**Task to carry out**
Copy each line of the listing below exactly and drop the images.
------ Raw data ------
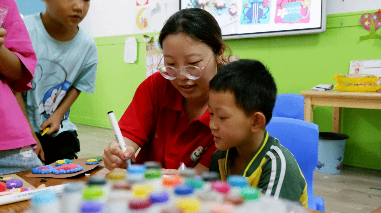 美育是审美教育、情操教育、心灵教育,也是丰富想象力和培养创新意识的教育,能提升审美素养、陶冶情操、温润心灵、激发创新创造活力。在实践期间,“绘美乡村”实践团队利用每日下午时间,在六寨镇苗苗幼儿园开展美育体验课堂。在课堂中,实践团队员们讲解美育知识,引导小朋友们发挥自己的想象力,利用轻质黏土,制作手工作品。
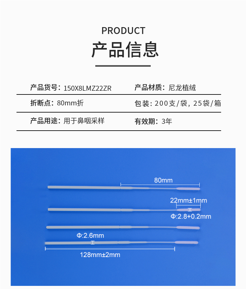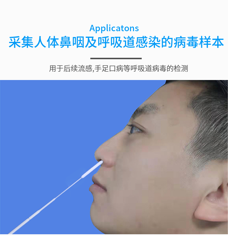 预期用途:采集人体鼻咽部和呼吸道的病毒样本,用于流感、手足口病等呼吸道病毒性疾病
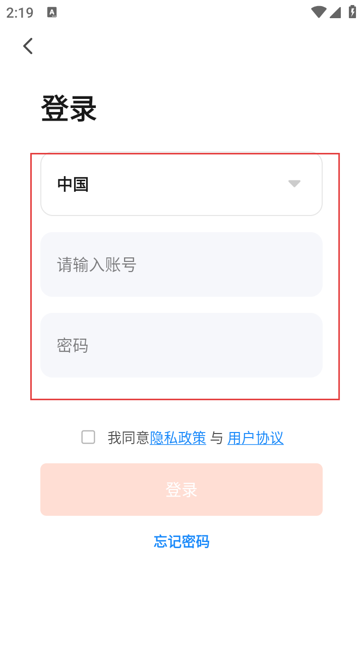 3、在登录页,选择地区后,填入【账号】和【密码】信息。
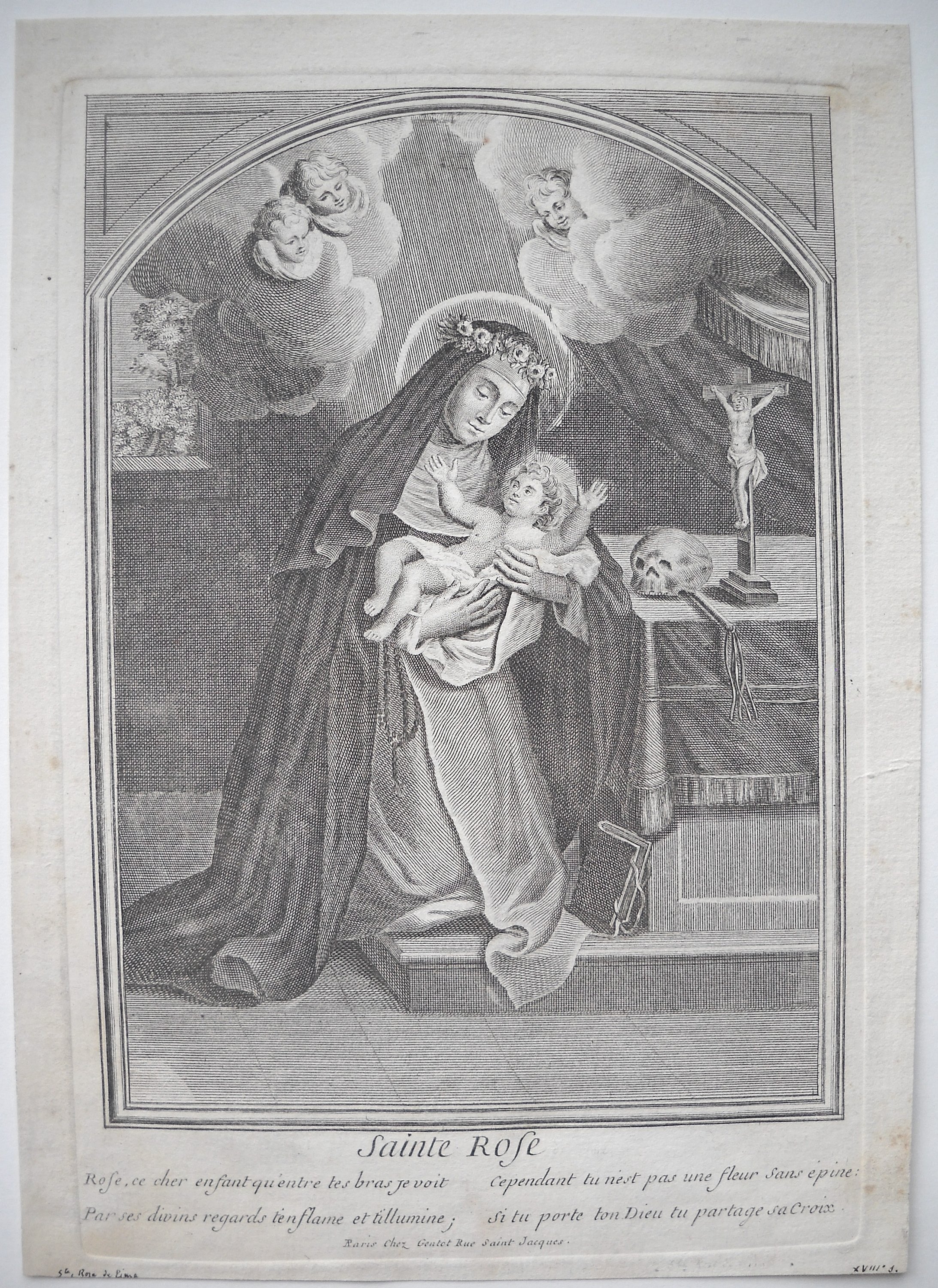 A Lyon chez Daudet rue merciere ", papier vergé, entre 1725 et 1760, 41 x 26,5 cm - " Sainte Rose
------
**Written solution**
 美育是审美教育、情操教育、心灵教育,也是丰富想象力和培养创新意识的教育,能提升审美素养、陶冶情操、温润心灵、激发创新创造活力。在实践期间,“绘美乡村”实践团队利用每日下午时间,在六寨镇苗苗幼儿园开展美育体验课堂。在课堂中,实践团队员们讲解美育知识,引导小朋友们发挥自己的想象力,利用轻质黏土,制作手工作品。
 预期用途:采集人体鼻咽部和呼吸道的病毒样本,用于流感、手足口病等呼吸道病毒性疾病
 3、在登录页,选择地区后,填入【账号】和【密码】信息。
 A Lyon chez Daudet rue merciere ", papier vergé, entre 1725 et 1760, 41 x 26,5 cm - " Sainte Rose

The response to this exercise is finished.